Lim Kah Leong, is a Singaporean neuroscientist and Professor at the Nanyang Technological University (Singapore), where he is also a President's Chair Professor in Translational Neuroscience. He was previously the Vice Dean for Research at the Lee Kong Chian School of Medicine at NTU, Chair of the Department of Physiology at the National University of Singapore, Singapore and the deputy director for research at the National Neuroscience Institute, Singapore. Dr. Lim is known for his research in Parkinson's Disease.
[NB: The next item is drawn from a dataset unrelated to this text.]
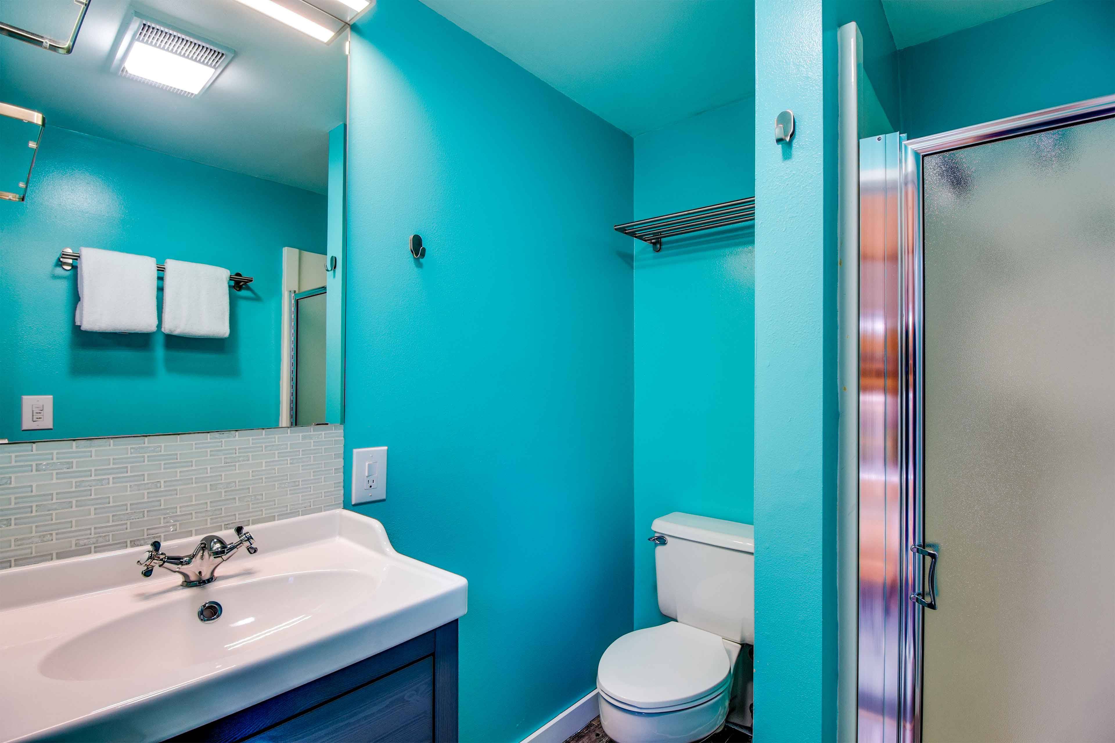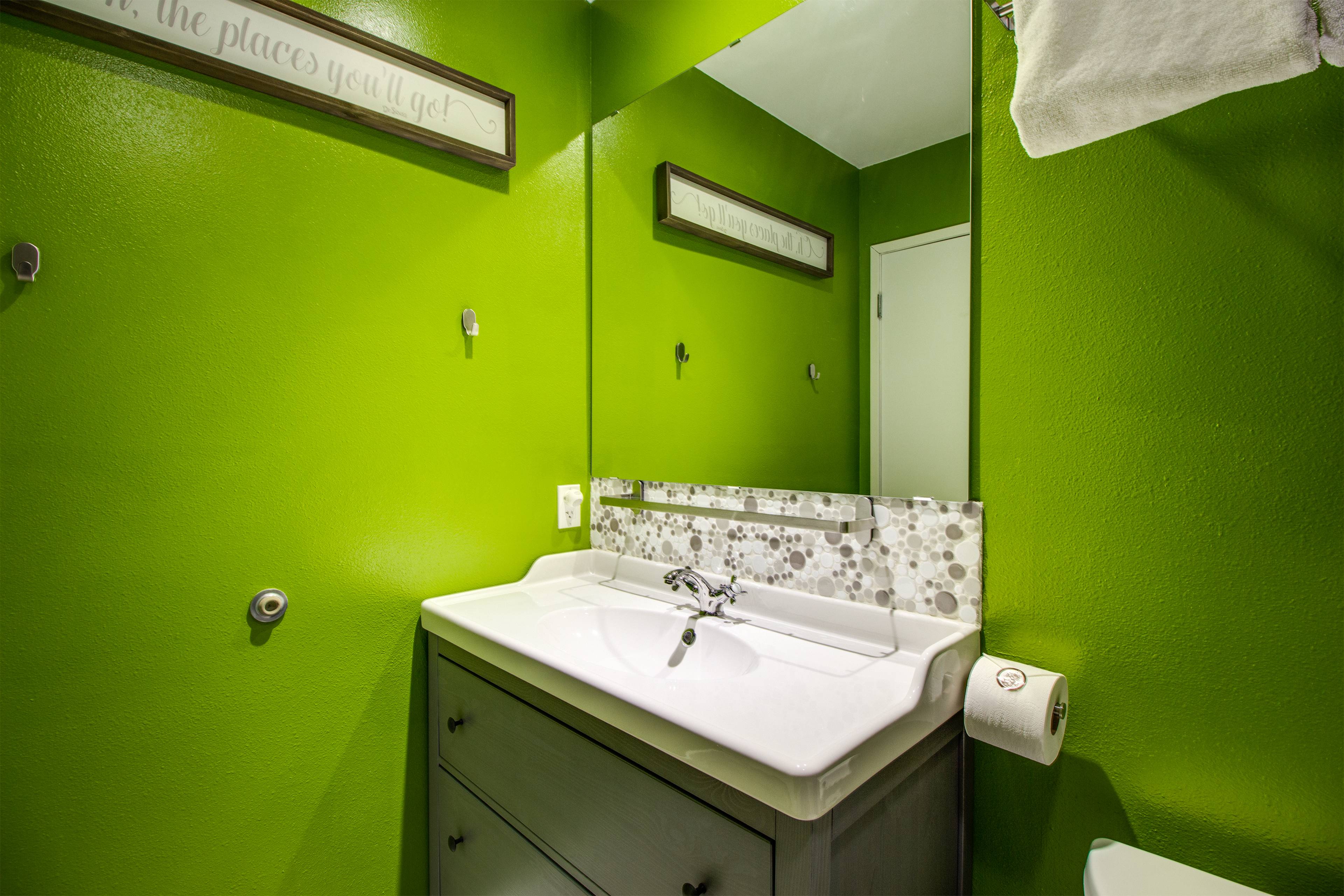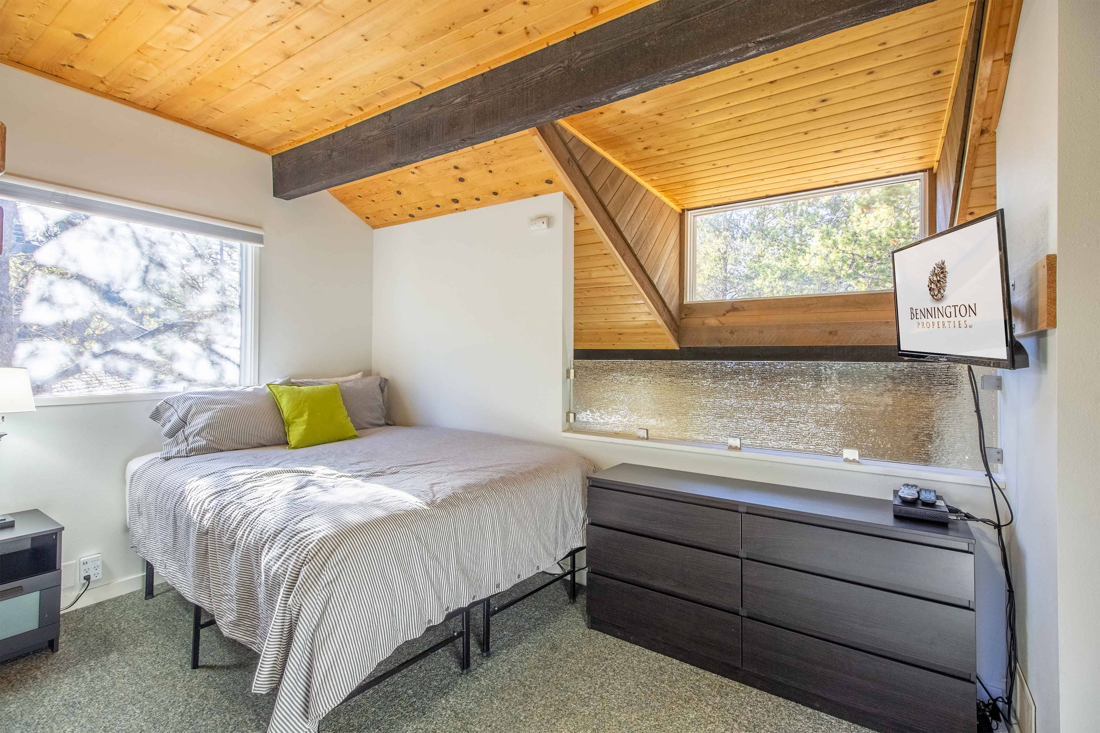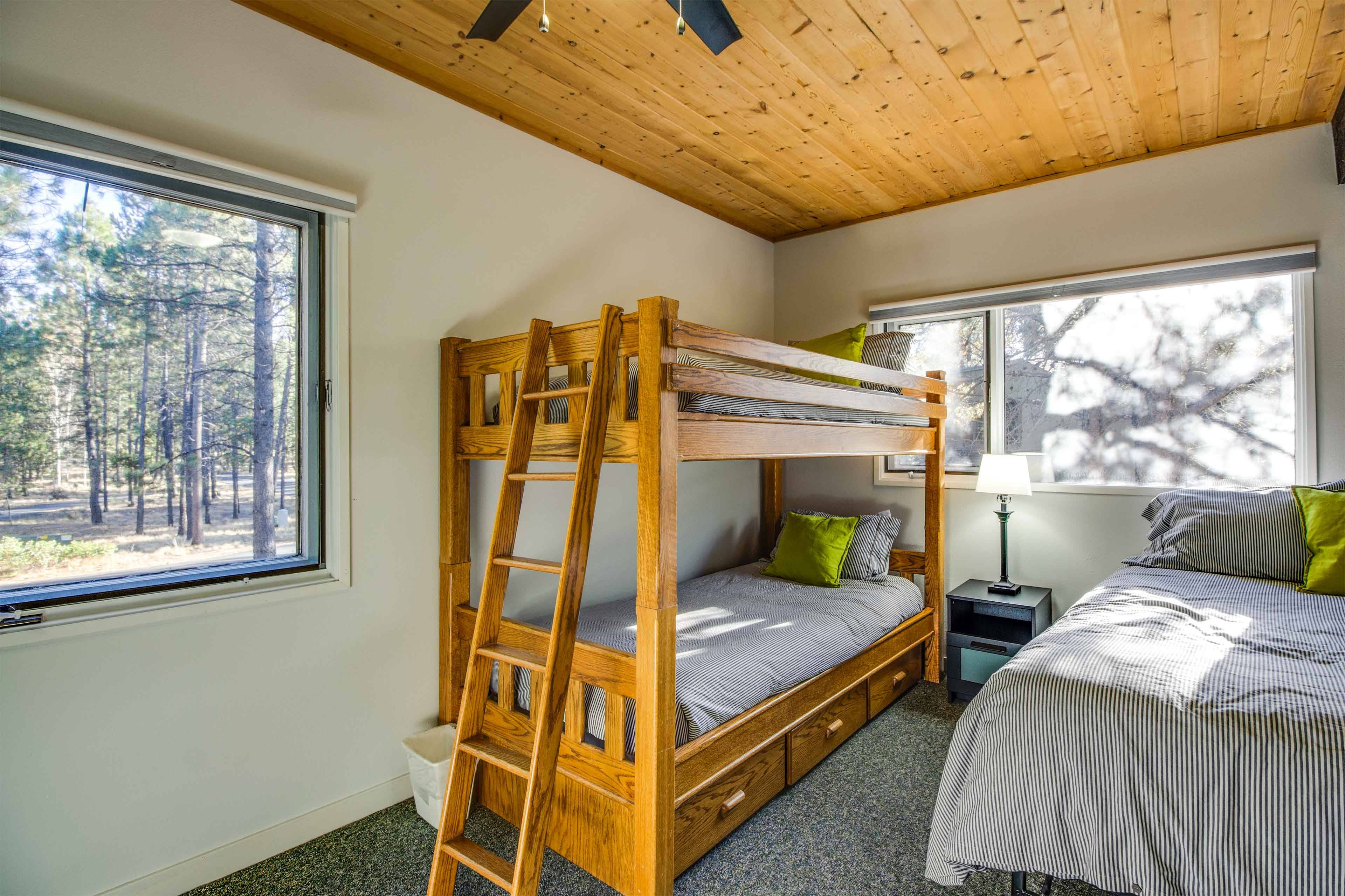 Head upstairs to the open loft with a queen bed, twin bunk bed and a private bathroom.
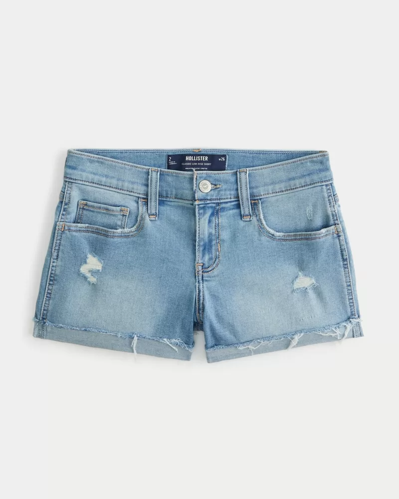 Cute denim shorts in a light wash with distressed detailing, fading and cuffed hems. Low-rise waist.

His research focuses on unraveling the molecular mechanisms underlying neurodegenerative diseases, with the view to develop novel therapies aimed at effectively treating the disease.

== Academic background ==
Dr Lim obtained his PhD from the Institute of Molecular and Cellular Biology, Singapore under Dr. Catherine Pallen and performed his postdoctoral studies at the department of Neurology, Johns Hopkins School of Medicine with Ted M. Dawson and the department of pathology, Harvard Medical School. He returned in to Singapore in 2002 to lead a laboratory at the National Neuroscience Institute, Singapore.

== Research ==
His research has focused on identifying the molecular events underlying Parkinson's disease (PD). He co-led the creation of the first two-photon, small molecule fluorogenic probe that can serve as a useful tool for the rapid assessment of an individual's potential risk for Parkinson's disease. He has also pioneered the use of umbilical cord lining stem cells to create new dopamine producing neurons in mice. He has also studied the relationship between Parkinson's Disease and cancer and has uncovered the role of a tumor suppressor known as parkin in brain cancer.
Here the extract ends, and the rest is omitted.